The next three years were a battle with coming back from the vision loss that never fully came back to 100%, it was 3 years of dealing with the residual effects of a face that never fully recovered and can be seen at times in photos. It could have been worse for sure and it always can be worse but times were good and with our second child on the way, I seemed to be back in stride. Nope not so fast, there it was again, I quickly lost my vision, this time in my other eye. Welcome to Multiple Sclerosis

A few MRIs, a spinal tap and other tests and I was diagnosed in 2009, I was 34 years old. At the time this to me, was not a time for grief. I had dealt with loss in my life, I lost my mother unexpectedly when I was 24 years old. It was somewhat of a strange relief to be honest, it was knowing I had a fight ahead of me, a battle for the rest of my life, but I knew my competition and I was ready.

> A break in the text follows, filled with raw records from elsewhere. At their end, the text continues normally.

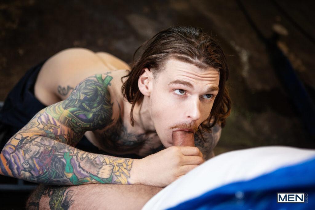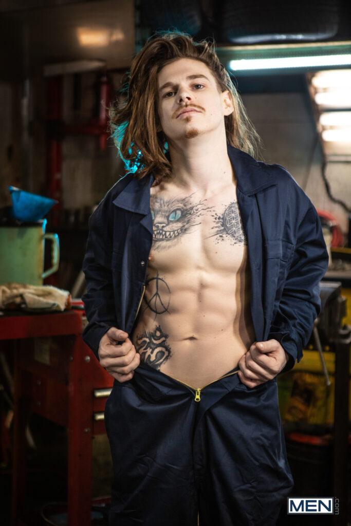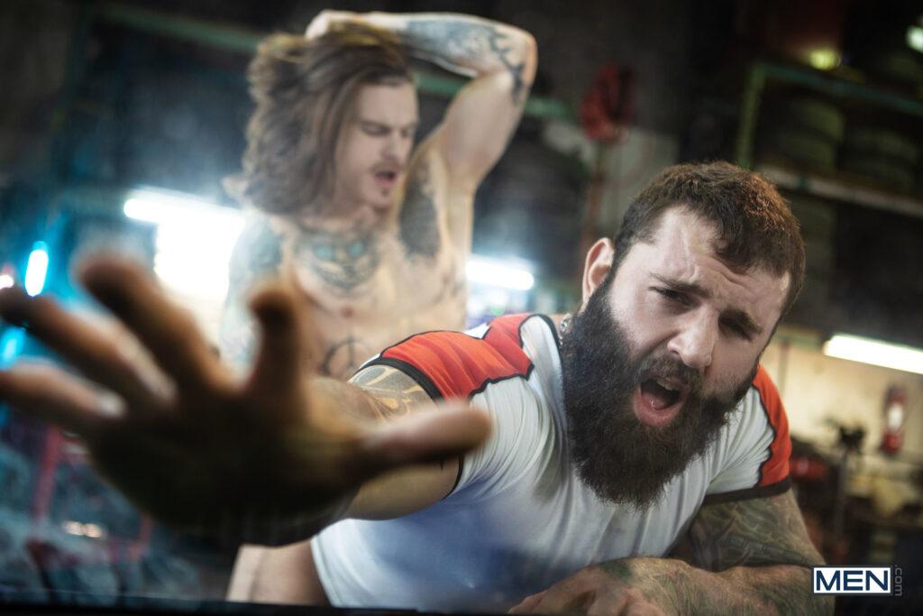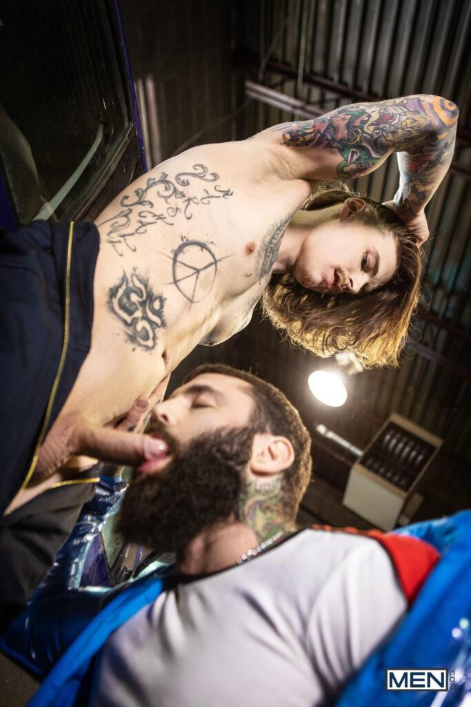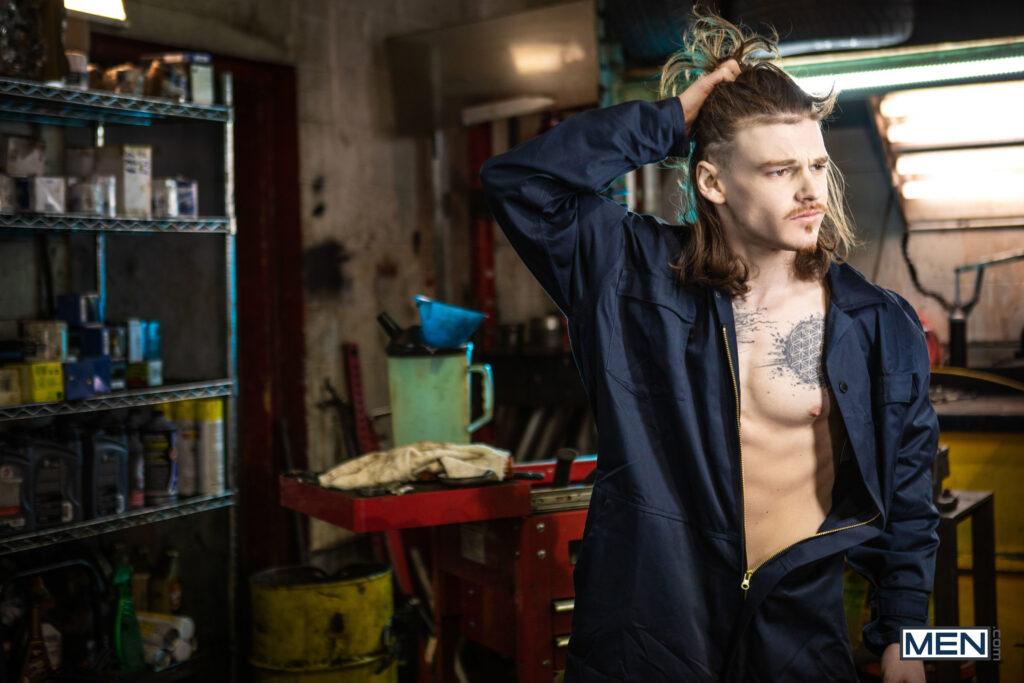 “When musician Markus Kage comes into Sunny D’s repair shop, rudely snapping his fingers for service, it doesn’t make the mechanic inclined to drop everything to fix his tour bus. Markus swallows his pride and gets down on his knees, and soon he’s swallowing Sunny’s dick. Sunny puts Markus up against a car and sucks his cock, then turns him around and penetrates his hole doggystyle. The mechanic lies down on his creeper so the bottom can ride him, then pushes up Markus’s legs to fuck him missionary, making the bottom nut. Sunny blows his load on Markus’s beard.”
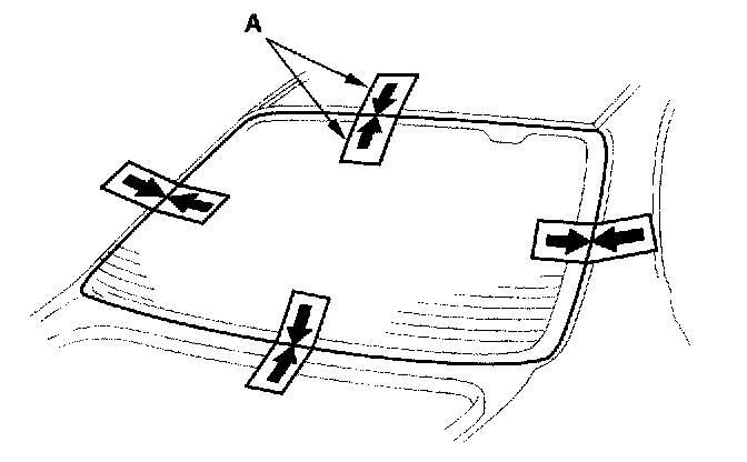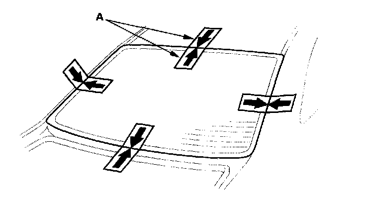 13. Set the rear window in the opening, and center it. Make alignment marks (A) across the rear window and body with a grease pencil at the four points shown. Be careful not to touch the rear window where adhesive will be applied.
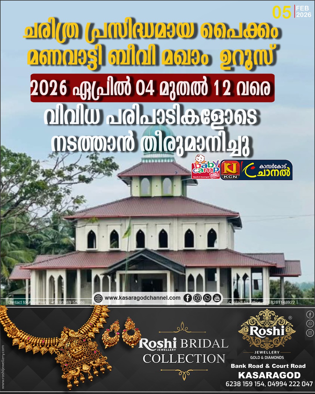 .ചരിത്ര പ്രസിദ്ധമായ പൈക്കം മണവാട്ടി ബീവി മഖാം ഉറൂസ് 2026 ഏപ്രില് 04 മുതല് 12 വരെ വിവിധ പരിപാടികളോടെ നടത്താന് തീരുമാനിച്ചു

Ahead of me at the time were injections every other day for my medication. Ahead of me were infections from the injections so bad that I couldn’t walk or move my arm. Ahead of me were more struggles and some flare-ups and some steroid infusions to help. But also ahead of me was the first oral medication on the market, successful MS research, ahead of me was great MRI results. Ahead of me was Multiple Sclerosis.

You look at me and like so many others on the outside we show no physical signs of the disease. I know that may not always be the case, the disease may someday define me somewhat physically but I will not let it define me as a person. I often wonder how much at this point I should tell my children, they know their Daddy takes medicine but they know me for who I am now although someday they may remember me differently but it’s all part of the challenge. Welcome To Multiple Sclerosis.

I still wonder from time to time what the future holds. The toughest thing about MS is the unknown, there is no textbook, there are no guarantees. With the support of my family and my friends this journey so far has led me to discover more good than bad. Sure, I wish for a cure. I wish we didn’t need fundraising efforts. I wish that I knew that I would always feel as well as I do writing this. But this whole journey has given me a tremendous opportunity to start a new business with my childhood friend that is centered around helping others support causes they care about while supporting a cause that is close to my heart.

I’m not one to waste time wishing. The thing that MS has taught me is to embrace the moment that I’m in. It’s taught me to look around at what I have, and not to wish my experiences away for what the future may or may not hold. I know now although MS may have taken away my ability to compete on the field and on the court, I will not let it take away me. My competitive nature will always carry me in my fight and my fight for others in this battle against MS. It’s a fight I believe that can be won one day. Welcome to Multiple Sclerosis, GAME ON!